Records contained in a dataset
□ □ □ □
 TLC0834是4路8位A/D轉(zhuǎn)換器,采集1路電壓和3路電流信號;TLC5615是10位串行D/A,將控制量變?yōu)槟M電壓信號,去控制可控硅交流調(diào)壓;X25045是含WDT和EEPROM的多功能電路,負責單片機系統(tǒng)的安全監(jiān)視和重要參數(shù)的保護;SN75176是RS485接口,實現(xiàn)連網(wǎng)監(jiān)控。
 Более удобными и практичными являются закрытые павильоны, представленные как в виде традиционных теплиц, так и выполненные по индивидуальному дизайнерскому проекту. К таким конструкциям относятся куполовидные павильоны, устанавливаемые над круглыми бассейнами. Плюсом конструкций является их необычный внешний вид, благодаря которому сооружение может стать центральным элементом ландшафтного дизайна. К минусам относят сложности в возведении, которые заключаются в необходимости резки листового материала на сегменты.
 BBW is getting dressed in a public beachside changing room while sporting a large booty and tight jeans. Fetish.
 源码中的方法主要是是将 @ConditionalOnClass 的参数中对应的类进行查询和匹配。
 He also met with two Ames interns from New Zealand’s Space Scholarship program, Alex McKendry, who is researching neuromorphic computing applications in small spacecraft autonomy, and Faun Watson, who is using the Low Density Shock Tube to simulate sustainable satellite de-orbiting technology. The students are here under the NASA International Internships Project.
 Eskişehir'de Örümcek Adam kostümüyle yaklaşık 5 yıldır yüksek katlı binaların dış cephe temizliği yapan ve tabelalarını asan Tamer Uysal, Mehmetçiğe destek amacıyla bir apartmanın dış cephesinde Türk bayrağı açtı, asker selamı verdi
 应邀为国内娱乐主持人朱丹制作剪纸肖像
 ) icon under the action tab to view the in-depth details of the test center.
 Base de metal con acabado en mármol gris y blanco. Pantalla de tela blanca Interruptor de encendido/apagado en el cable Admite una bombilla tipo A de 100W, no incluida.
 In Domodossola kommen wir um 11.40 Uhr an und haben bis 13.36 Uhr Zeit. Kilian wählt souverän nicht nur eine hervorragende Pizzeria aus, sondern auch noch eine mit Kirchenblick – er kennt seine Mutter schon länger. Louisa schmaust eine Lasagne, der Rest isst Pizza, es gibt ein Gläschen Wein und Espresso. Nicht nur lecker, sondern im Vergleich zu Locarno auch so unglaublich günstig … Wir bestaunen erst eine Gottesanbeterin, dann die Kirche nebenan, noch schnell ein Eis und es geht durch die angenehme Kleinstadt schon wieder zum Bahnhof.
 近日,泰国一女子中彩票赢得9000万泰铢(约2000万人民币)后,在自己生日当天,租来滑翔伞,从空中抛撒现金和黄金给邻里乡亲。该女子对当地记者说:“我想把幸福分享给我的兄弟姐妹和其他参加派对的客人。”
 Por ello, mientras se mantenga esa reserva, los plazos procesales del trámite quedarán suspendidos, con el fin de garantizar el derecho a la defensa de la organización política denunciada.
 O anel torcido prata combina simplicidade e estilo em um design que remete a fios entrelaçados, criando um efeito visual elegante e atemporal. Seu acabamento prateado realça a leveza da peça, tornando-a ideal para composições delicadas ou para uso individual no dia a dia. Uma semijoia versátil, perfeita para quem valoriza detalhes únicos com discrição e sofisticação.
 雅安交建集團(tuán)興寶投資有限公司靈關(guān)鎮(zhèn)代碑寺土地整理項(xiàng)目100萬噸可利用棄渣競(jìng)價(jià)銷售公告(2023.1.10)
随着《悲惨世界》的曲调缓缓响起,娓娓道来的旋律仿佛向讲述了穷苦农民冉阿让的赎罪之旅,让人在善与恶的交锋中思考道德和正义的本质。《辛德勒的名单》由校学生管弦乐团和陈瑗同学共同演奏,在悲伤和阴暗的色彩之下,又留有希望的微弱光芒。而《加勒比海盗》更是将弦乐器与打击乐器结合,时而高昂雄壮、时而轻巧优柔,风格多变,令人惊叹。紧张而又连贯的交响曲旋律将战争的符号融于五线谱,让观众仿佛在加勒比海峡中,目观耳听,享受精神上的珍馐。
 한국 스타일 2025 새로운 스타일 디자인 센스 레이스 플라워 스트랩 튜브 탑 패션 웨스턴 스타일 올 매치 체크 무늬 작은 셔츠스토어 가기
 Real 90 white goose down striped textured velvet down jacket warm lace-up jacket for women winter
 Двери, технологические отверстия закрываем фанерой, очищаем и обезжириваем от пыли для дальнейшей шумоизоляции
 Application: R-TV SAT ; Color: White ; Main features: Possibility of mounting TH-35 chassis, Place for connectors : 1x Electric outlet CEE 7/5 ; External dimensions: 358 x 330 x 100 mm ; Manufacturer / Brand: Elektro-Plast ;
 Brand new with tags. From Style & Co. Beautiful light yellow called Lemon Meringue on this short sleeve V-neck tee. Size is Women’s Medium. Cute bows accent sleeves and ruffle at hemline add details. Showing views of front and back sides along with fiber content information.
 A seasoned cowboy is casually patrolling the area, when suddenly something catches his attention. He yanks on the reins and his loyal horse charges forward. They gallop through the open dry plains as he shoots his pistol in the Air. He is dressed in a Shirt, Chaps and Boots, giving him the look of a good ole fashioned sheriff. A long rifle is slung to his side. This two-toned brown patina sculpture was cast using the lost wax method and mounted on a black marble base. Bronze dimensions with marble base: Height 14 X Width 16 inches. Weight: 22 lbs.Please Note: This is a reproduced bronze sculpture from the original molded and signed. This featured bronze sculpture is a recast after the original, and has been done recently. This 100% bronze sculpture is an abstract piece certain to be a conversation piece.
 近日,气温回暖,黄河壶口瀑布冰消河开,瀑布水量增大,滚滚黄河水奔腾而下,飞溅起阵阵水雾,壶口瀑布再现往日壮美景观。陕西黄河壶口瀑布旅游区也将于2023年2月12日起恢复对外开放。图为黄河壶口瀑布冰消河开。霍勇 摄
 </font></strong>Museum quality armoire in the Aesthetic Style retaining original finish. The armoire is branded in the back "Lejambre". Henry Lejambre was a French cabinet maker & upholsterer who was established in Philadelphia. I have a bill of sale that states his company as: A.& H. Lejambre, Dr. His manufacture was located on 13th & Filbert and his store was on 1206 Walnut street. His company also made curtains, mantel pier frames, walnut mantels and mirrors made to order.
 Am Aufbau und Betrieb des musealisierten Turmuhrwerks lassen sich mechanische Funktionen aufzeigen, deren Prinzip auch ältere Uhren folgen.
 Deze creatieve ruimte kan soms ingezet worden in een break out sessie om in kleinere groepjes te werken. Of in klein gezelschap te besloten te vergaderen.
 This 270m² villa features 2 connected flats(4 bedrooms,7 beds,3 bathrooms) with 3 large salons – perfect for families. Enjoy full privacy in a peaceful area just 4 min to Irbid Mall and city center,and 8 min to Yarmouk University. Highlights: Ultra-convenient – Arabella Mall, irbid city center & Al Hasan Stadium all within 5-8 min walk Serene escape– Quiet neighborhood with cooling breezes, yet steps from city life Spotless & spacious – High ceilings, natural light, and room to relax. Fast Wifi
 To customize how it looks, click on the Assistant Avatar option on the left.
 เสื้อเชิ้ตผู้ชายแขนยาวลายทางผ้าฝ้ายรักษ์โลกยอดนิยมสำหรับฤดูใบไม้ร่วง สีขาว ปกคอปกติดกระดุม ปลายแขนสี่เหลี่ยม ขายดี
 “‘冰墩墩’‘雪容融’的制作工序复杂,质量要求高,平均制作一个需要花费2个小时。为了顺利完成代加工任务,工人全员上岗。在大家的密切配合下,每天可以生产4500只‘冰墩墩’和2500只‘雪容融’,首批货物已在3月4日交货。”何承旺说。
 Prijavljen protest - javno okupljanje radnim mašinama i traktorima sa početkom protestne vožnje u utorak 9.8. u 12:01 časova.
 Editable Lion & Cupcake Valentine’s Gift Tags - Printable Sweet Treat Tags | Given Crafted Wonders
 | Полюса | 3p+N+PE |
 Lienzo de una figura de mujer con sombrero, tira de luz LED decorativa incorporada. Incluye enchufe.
□ □ □ □
Exercise brief:
Set down, please, the lines from the line holding "This 270m² villa" through the final line of the data, exactly and with nothing added.

Written solution:
 This 270m² villa features 2 connected flats(4 bedrooms,7 beds,3 bathrooms) with 3 large salons – perfect for families. Enjoy full privacy in a peaceful area just 4 min to Irbid Mall and city center,and 8 min to Yarmouk University. Highlights: Ultra-convenient – Arabella Mall, irbid city center & Al Hasan Stadium all within 5-8 min walk Serene escape– Quiet neighborhood with cooling breezes, yet steps from city life Spotless & spacious – High ceilings, natural light, and room to relax. Fast Wifi
 To customize how it looks, click on the Assistant Avatar option on the left.
 เสื้อเชิ้ตผู้ชายแขนยาวลายทางผ้าฝ้ายรักษ์โลกยอดนิยมสำหรับฤดูใบไม้ร่วง สีขาว ปกคอปกติดกระดุม ปลายแขนสี่เหลี่ยม ขายดี
 “‘冰墩墩’‘雪容融’的制作工序复杂,质量要求高,平均制作一个需要花费2个小时。为了顺利完成代加工任务,工人全员上岗。在大家的密切配合下,每天可以生产4500只‘冰墩墩’和2500只‘雪容融’,首批货物已在3月4日交货。”何承旺说。
 Prijavljen protest - javno okupljanje radnim mašinama i traktorima sa početkom protestne vožnje u utorak 9.8. u 12:01 časova.
 Editable Lion & Cupcake Valentine’s Gift Tags - Printable Sweet Treat Tags | Given Crafted Wonders
 | Полюса | 3p+N+PE |
 Lienzo de una figura de mujer con sombrero, tira de luz LED decorativa incorporada. Incluye enchufe.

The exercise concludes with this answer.